С целью снижения уровня гомоцистеина в плазме могут быть использованы фолиевая кислота, фолиевая кислота в комбинации с витаминами В6 и В12 и комбинации витаминов В6 и В12.

Для лечения и профилактики атеросклероза так же могут применяться препараты содержащие ненасыщенные жирные кислоты (липостабил, липоевая кислота, препараты лецитина, растительных масел). Эффект действия основан на повышение концентрации и активности ЛВП.

Эфферентная терапия в комплексном лечении больных атеросклерозом способствует выведению из организма холестерина и атерогенных липопротеинов. Используются следующие методы: энтеросорбция, гемосорбция, плазмаферез, ЛНП-афферез.

В последние годы интенсивно разрабатывается метод генной терапии атерогенных гиперлипопротеинемии. Однако, применение данного метода пока связано с высокой токсичностью, развитием иммунной реакции и невысокой эффективностью.

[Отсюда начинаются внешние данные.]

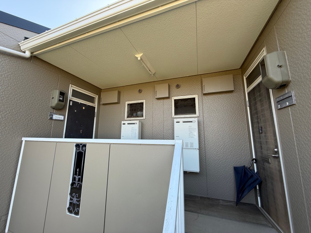 お客様から依頼を受け、アパート2棟の外壁塗装工事をさせていただきました。1棟は屋根の状態も良くなかったので屋根塗装もさせていただきました。駐輪場の屋根も傷んでいたのでシート貼替と塗装工事をさせていただきました。全体的に落ち着いた雰囲気に仕上がり、お客様にも喜んでいただけました。

Коррекция нарушенной функциональной способности печени способствует проявлению положительного эффекта комплексной гиполипидемической терапии. Положительной гепатотропное влияние оказывают эссенциале, липостабил, поливитаминные комплексы, коферментные препараты (кокарбоксилаза, липоевая кислота, пиридоксальфосфат, флавинат, кобамид).

Насущной проблемой остаётся лечение больных, страдающих облитерирующими заболеваниями артерий нижних конечностей. Консервативной терапии подлежат абсолютно все больные с диагностированными заболеваниями артерий конечностей. Интенсивная терапия, проводимая в стационаре, и даже хирургическое вмешательство являются лишь дополнением к лечению, осуществляемому в амбулаторных условиях. Без адекватной амбулаторной терапии отдалённые результаты хирургической коррекции нарушений артериального кровотока в конечностях не могут быть удовлетворительными.

Главными принципами консервативной терапии больных являются пожизненность, непрерывность лечения (независимо от стадии заболевания), дифференцированный подход с учётом нозологической формы и стадии заболевания, комплексность лечения с использованием всех вариантов лечебных воздействий. Важную роль играет также активное участие пациента в лечебном процессе с пониманием им принципов лечения и умением адекватно оценивать своё состояние.

ХИРУРГИЧЕСКОЕ ЛЕЧЕНИЕ.

Хирургическое лечение атеросклероза направлено:

· На восстановление магистрального кровотока;

· на улучшение коллатерального кровотока;

· на уменьшение всасывания холестерина (частичное илеошунтирование).